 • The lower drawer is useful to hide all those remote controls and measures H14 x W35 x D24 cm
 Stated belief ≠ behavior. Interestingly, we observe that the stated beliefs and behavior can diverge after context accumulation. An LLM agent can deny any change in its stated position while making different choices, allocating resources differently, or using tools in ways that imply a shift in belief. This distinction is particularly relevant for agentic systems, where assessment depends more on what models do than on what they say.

---

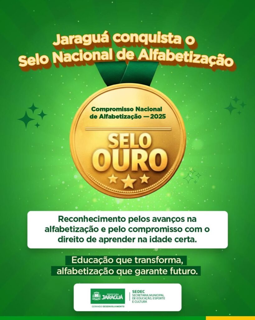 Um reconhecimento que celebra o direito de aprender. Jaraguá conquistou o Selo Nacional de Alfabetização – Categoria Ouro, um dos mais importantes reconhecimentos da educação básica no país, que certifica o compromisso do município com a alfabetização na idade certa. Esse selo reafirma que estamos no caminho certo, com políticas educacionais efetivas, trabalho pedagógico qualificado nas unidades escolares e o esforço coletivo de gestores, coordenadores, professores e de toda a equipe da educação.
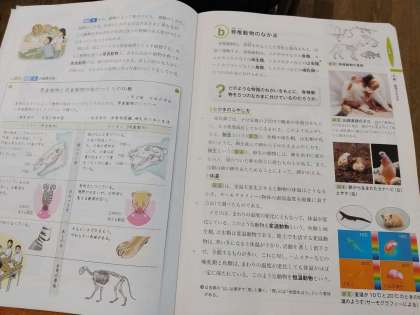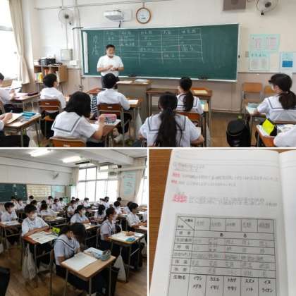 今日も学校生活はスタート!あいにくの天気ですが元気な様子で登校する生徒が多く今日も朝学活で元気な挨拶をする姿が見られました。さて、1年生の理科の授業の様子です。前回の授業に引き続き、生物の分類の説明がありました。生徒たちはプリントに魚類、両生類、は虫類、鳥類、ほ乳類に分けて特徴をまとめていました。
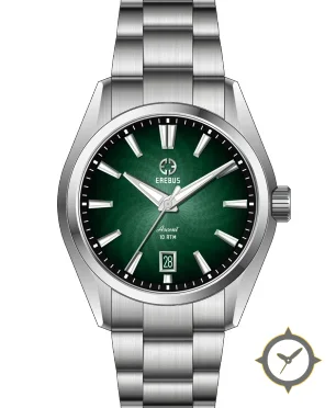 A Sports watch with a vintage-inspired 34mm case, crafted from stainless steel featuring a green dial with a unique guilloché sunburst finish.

• [Prompt] Starting at the line above that contains "Um reconhecimento que", transcribe every line exactly through the line that contains "A Sports watch", including that last one, and skip the pictures.

• [Written solution]
 Um reconhecimento que celebra o direito de aprender. Jaraguá conquistou o Selo Nacional de Alfabetização – Categoria Ouro, um dos mais importantes reconhecimentos da educação básica no país, que certifica o compromisso do município com a alfabetização na idade certa. Esse selo reafirma que estamos no caminho certo, com políticas educacionais efetivas, trabalho pedagógico qualificado nas unidades escolares e o esforço coletivo de gestores, coordenadores, professores e de toda a equipe da educação.
 今日も学校生活はスタート!あいにくの天気ですが元気な様子で登校する生徒が多く今日も朝学活で元気な挨拶をする姿が見られました。さて、1年生の理科の授業の様子です。前回の授業に引き続き、生物の分類の説明がありました。生徒たちはプリントに魚類、両生類、は虫類、鳥類、ほ乳類に分けて特徴をまとめていました。
 A Sports watch with a vintage-inspired 34mm case, crafted from stainless steel featuring a green dial with a unique guilloché sunburst finish.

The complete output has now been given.